There was a haze of white air, a ghostly outline, and then Dayna filled it.

'All right,' said Servalan. She felt dizzy with relief and excitement; a peculiar combination. 'Get their bracelets. Move them over there.' Then, with a long look at them all: 'That, I think, concludes our business.' It was all they were worth now.

'You said there's a ship that could get us off here.'

'There is. Perhaps I've exaggerated just a little. You see, she was rather badly damaged when we made our landing. But I think with some months' work she could be made spaceworthy. Just about.'

'What about Blake?' said Avon, with difficulty, not quite looking at her.

'Ah, yes. Blake. I owe him so much. After all, it was he who brought you to me.'

'We made a deal. You promised me Blake.'

She looked at him, and told her final lie, and there was no triumph in it any more, in watching the ghost of something die in Avon's face, as it hadn't died when he had admitted defeat and given up the ship.

'Blake is dead. He died from his wounds on the planet Jevron more than a year ago. I saw his body. I saw it cremated. Blake is dead.'

'I saw him.' Servalan wasn't sure he even knew whether he was speaking aloud. 'I spoke to him and he—'

She had to interrupt him there. His voice was a mirror she had to turn away from.

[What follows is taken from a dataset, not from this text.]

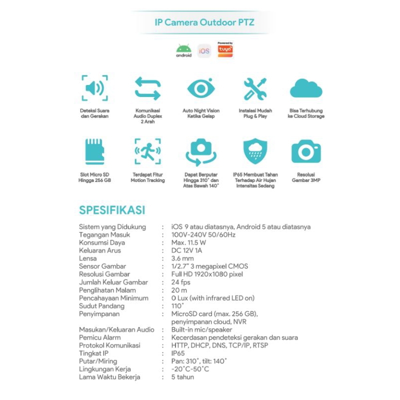 Bardi Official Smart Ip Camera Outdoor Ptz Wireless Dual Band 2,4/ 5Ghz - Cctv Putar 310 ° Wifi Kamera 3Mp Full Hd With

'You saw nothing. Heard nothing. It was an illusion, a drug-induced and electronic dream. We spent months preparing it. We recreated Blake inside our computers, voice, images, memories, a million fragmented facts. When I was ready, I started sending you the messages, seeding the idea in your mind. I was conditioning you. And you were my greatest ally, Avon. You made it easy because you wanted to believe it. You wanted to believe that Blake was still alive.'

She was watching his face all the time, unable to look away, unable to feel her own victory while she looked at him, and somewhere inside her she could hear the ghost of her own voice telling him the truth: that Blake was alive, and with Stratter Fenn on Zavlos, and doing nothing that her spies didn't tell her about weeks in advance. Blake was her creature now, her only creature, only Blake.

She barely noticed Avon lunge towards her, Tarrant hold him back. On with the script.

'One final thing. As you know, this planet was designed to help our scientists watch and study how life first developed on Earth. The experiment was more than successful, and has led to some highly unpleasant life-forms. Do be careful.'

'We have met some sort of primitive humanoids,' said the Auron girl. Servalan glanced at her with the minimum of interest. 'I hate to think that they were our ancestors.'

'Oh, but they're not. The planet's evolution was massively accelerated. It developed through millions of years in a very short time. The creature you saw is not what man developed from; it is what man will become.' Evolution in all its sad and messy unpredictability: anything but simple, anything but pure; the future gone as well as the past. Nothing would repeat itself any more. The six-year-old with the sleek hair would never finish climbing out of the pool. It was over. She turned away.

'I think I'm ready. Give the order. Please.'

Tarrant did as he was told. She looked at Avon for the last time, at his defeat; no more of that, either. Past.

'We won't meet again. Goodbye.'



'Manual operation,' said Servalan. 'Set course for the planet Earth.'

'Computed and laid in.'

'Main drive.'

She raised her arms and felt victory, finally felt it, all the way through her body: all the lines, all the nodes, had finally made it here, to this completion. This was the beginning. A clean slate, with her own face on it.